Data supplied |
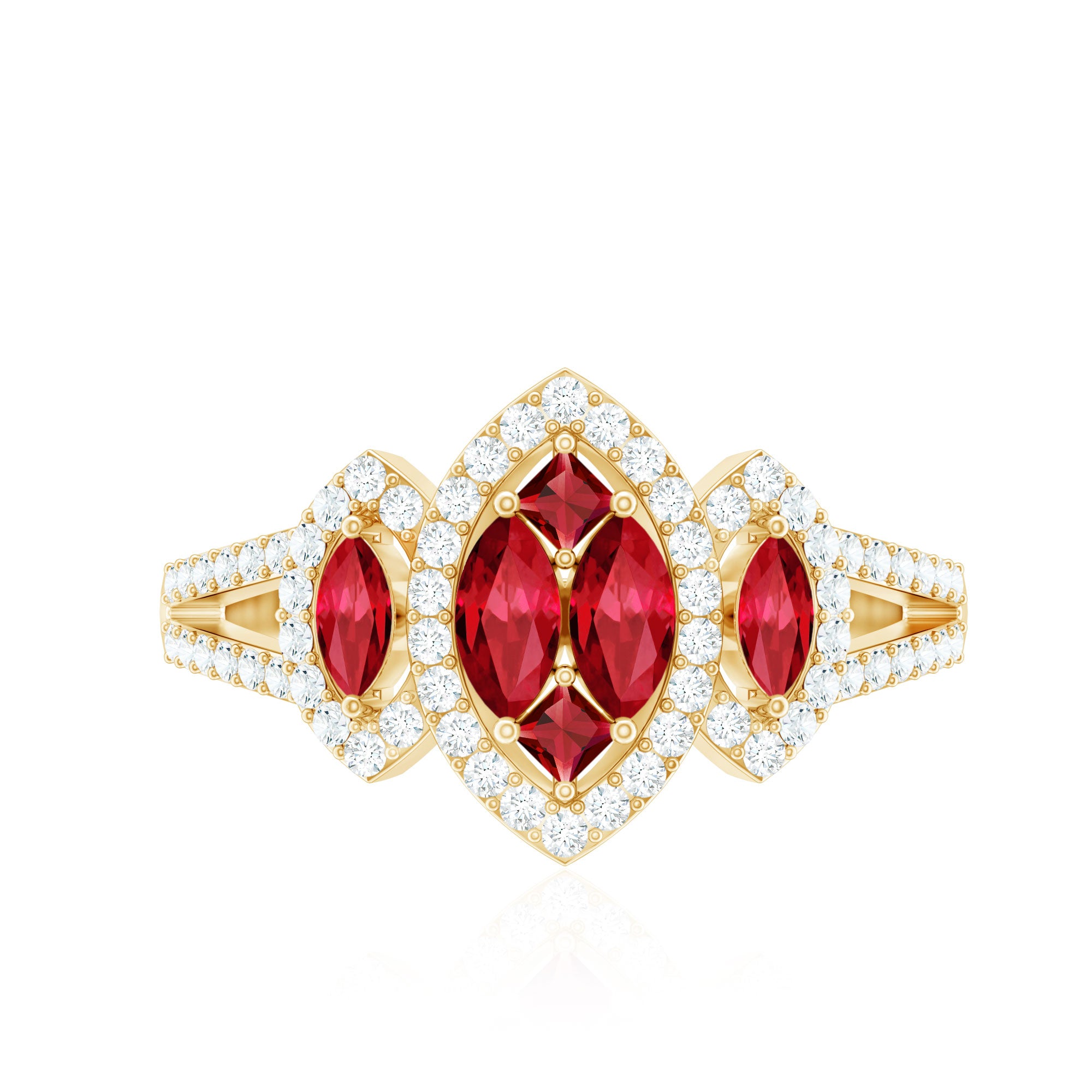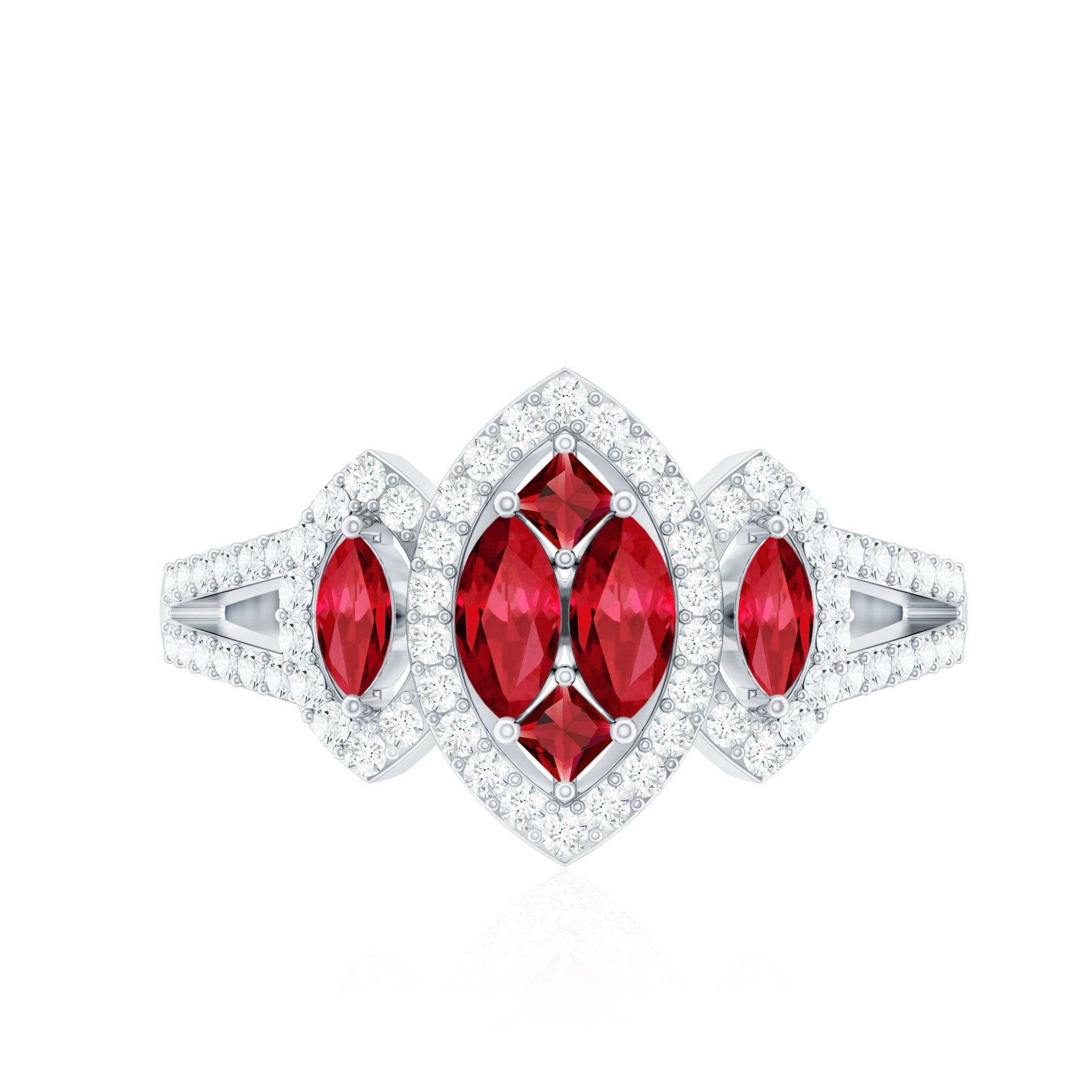 Presents an elegant ring showcasing a central cluster design embellished with Marquise and Princess-cut created ruby gemstones on a split shank that gracefully extends along the band. The center stone is accentuated by dazzling round-cut Diamond stones, creating an enchanting and memorable appearance.
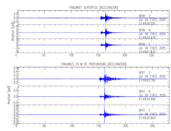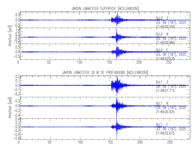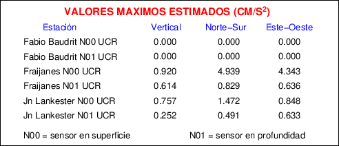Aquí se muestran las formas de onda y cocientes espectrales de los sensores colocados en pozo . Uno se ubica en el Jardín Lankester en Paraíso de Cartago con 30 m de profundidad y el otro en la Estación Experimental Fabio Baudrit en Alajuela con 40 m de profundidad. La tabla muestra los valores de aceleración máxima (PGA) leídos de las tres componentes en superficie (N00) y en profundidad (N01)
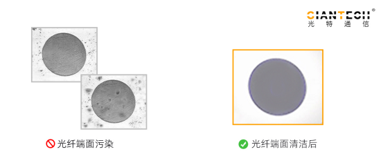 光纤端面的污染物(包括粒径≥0.5μm 的尘埃颗粒、油性残留物、指纹脂质)会导致多重损耗机制:颗粒散射(占比 60%)、薄膜干涉(占比 25%)、吸收损耗(占比 15%)。实验数据显示,一颗直径 1μm 的尘埃附着在单模光纤端面上,可造成0.8dB 的耦合损耗。
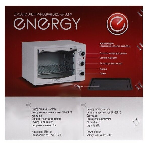 Духовка электрическая "ENERGY" GT20-W-CONV 20 Л 1380 ВТ, конвекция (белый) (1) интересное:
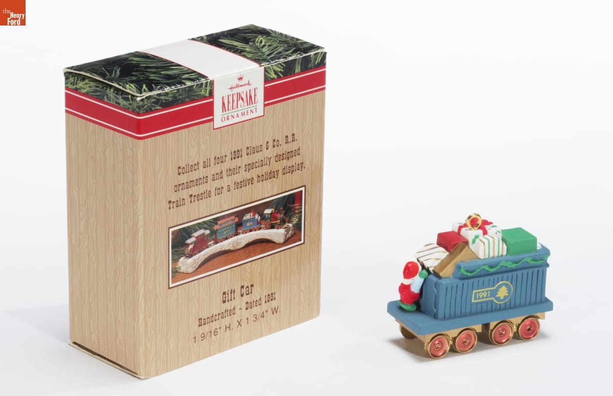 Hallmark / KEEPSAKE / ORNAMENT / Collect all four 1991 Claus & Co. R.R. / ornaments and their specially designed / Train Trestle for a festive holiday display. / Gift Car / Handcrafted - Dated 1991 / 1 9/16" H. X 1 3/4" W.
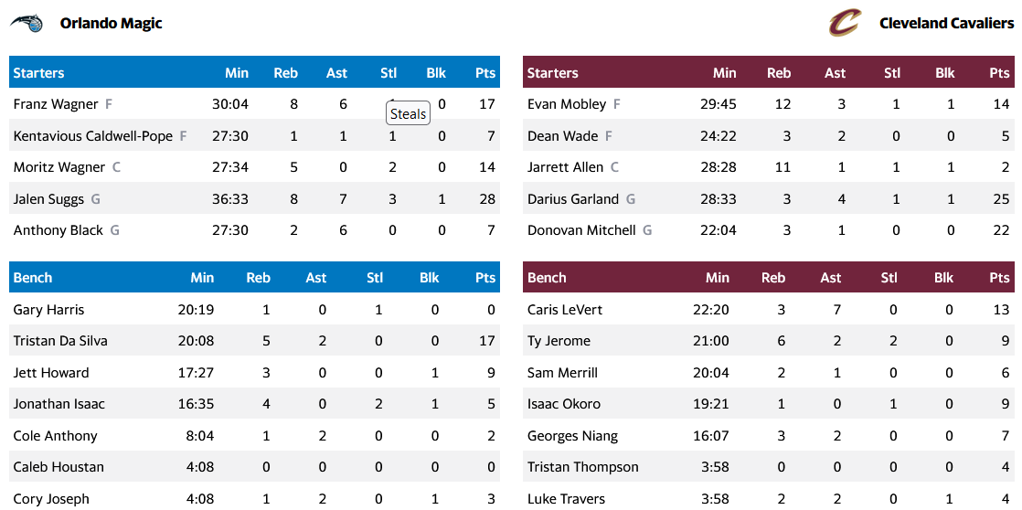 Κορυφαίος για την ομάδα του Κλίβελαντ ο Γκάρλαντ με 25 πόντους ενώ ο Μίτσελ είχε 22. Από το Ορλάντο ο Σαγκς με 28 προσπάθησε να κρατήσει κοντά την ομάδα του αλλά δεν είχε αντίστοιχη βοήθεια από τους υπόλοιπους συμπαίκτες του.

What you will do | Pictures are to be left out when the lines from the one containing "GT20-W-CONV 20 Л" through the end of the records above are repeated exactly; no other line is wanted.

Exercise output |
 Духовка электрическая "ENERGY" GT20-W-CONV 20 Л 1380 ВТ, конвекция (белый) (1) интересное:
 Hallmark / KEEPSAKE / ORNAMENT / Collect all four 1991 Claus & Co. R.R. / ornaments and their specially designed / Train Trestle for a festive holiday display. / Gift Car / Handcrafted - Dated 1991 / 1 9/16" H. X 1 3/4" W.
 Κορυφαίος για την ομάδα του Κλίβελαντ ο Γκάρλαντ με 25 πόντους ενώ ο Μίτσελ είχε 22. Από το Ορλάντο ο Σαγκς με 28 προσπάθησε να κρατήσει κοντά την ομάδα του αλλά δεν είχε αντίστοιχη βοήθεια από τους υπόλοιπους συμπαίκτες του.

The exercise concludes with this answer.